The Federal Deposit Insurance Corporation always does their dirty work at closing time on Friday. That way they have all weekend to figure out what is going on, get things in order so Joe and Jane Average can get their bills paid on Monday, and Wall Street has 2 days to sort through the carnage.
Last night, the FDIC shut down four banks in four different states. That brings 2009’s running total to 29 banks, exceeding the entire number of banks to fail in all of 2008. If this trend merely continues through the rest of the year, we could see over 80 bank failures.
Most average people aren’t going to lose anything as the result of these failures. Currently, deposits are Federally insured up to $250,000, and there may be private insurance to cover additional deposits depending on your bank.
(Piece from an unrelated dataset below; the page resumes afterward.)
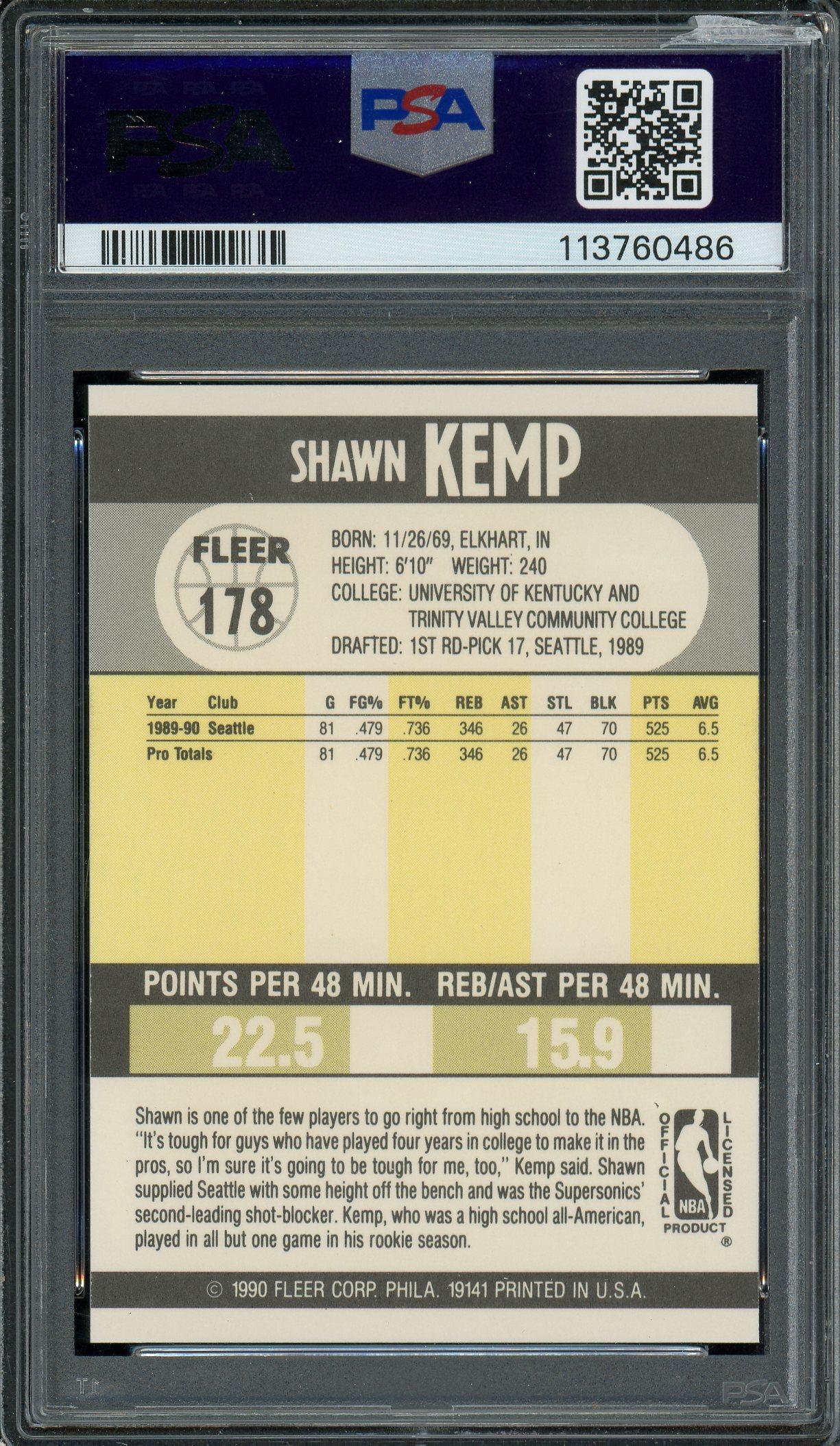 Shawn Kemp 1990 Fleer Rookie Card #178 PSA Gem Mint 10!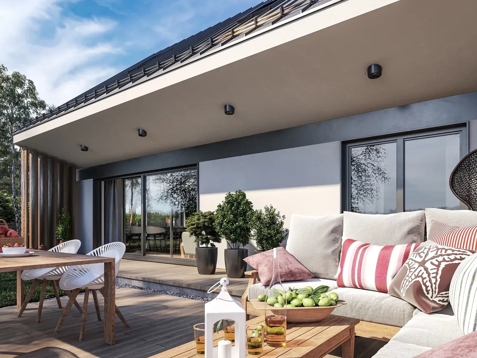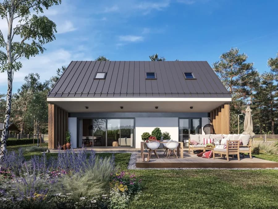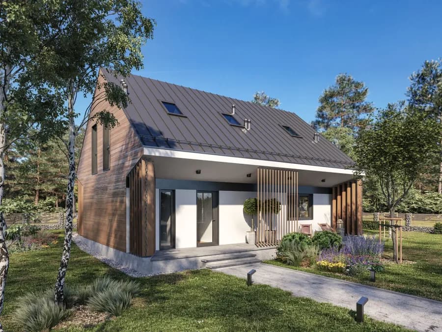 Dom jednorodzinnyOryginalna forma to połączenie dwóch kontrastujących stylów łącząca tradycyjne dachy okapowe ze współczesnymi trendami bezokapowymi. Zabieg ten pozwolił na uzyskanie przekrycia dwóch tarasów części wejściowej i wypoczynkowej w głównej bryle budynku bez potrzeby stosowania dodatkowych elementów takich jak pergole, markizy i parasole. Junior to strzał w dziesiątkę dla wszystkich, którzy cenią sobie funkcjonalność połączoną z ekonomią.

Average people will only be inconvenienced by the fact that they can’t cash a check today, and that checks with the new bank’s name will arrive in a few weeks.
Businesses on the other hand, may have a problem. It’s not unusual for even a relatively small business to have six figures on hand for bills and payroll (maybe having direct deposit on your paycheck is a good idea).
This may also have an impact on the local housing markets in the communities these banks serve. Not only must any planned mortgages be reviewed, any real estate repossessed by those banks will need to be reviewed before being sold.
The good news is that the FDIC has lots of practical experience with takeovers, and to date has always gotten things open on Monday morning. The bad news is that their resources are starting to run a little thin. Not even the best planning can prepare for four takeover teams working at once. Some people question whether they have collected enough premiums to cover losses.
Some people point out that even with as many bank failures as we have had, it’s not as bad as during the Great Depression. However, there were no multi-state “too big to fail” mega-banks in those days. Banks were smaller, and more dependent on local economic conditions. Could TARP be hiding an even greater economic carnage? Only Tim Geithner knows for sure. And he says everything is fine.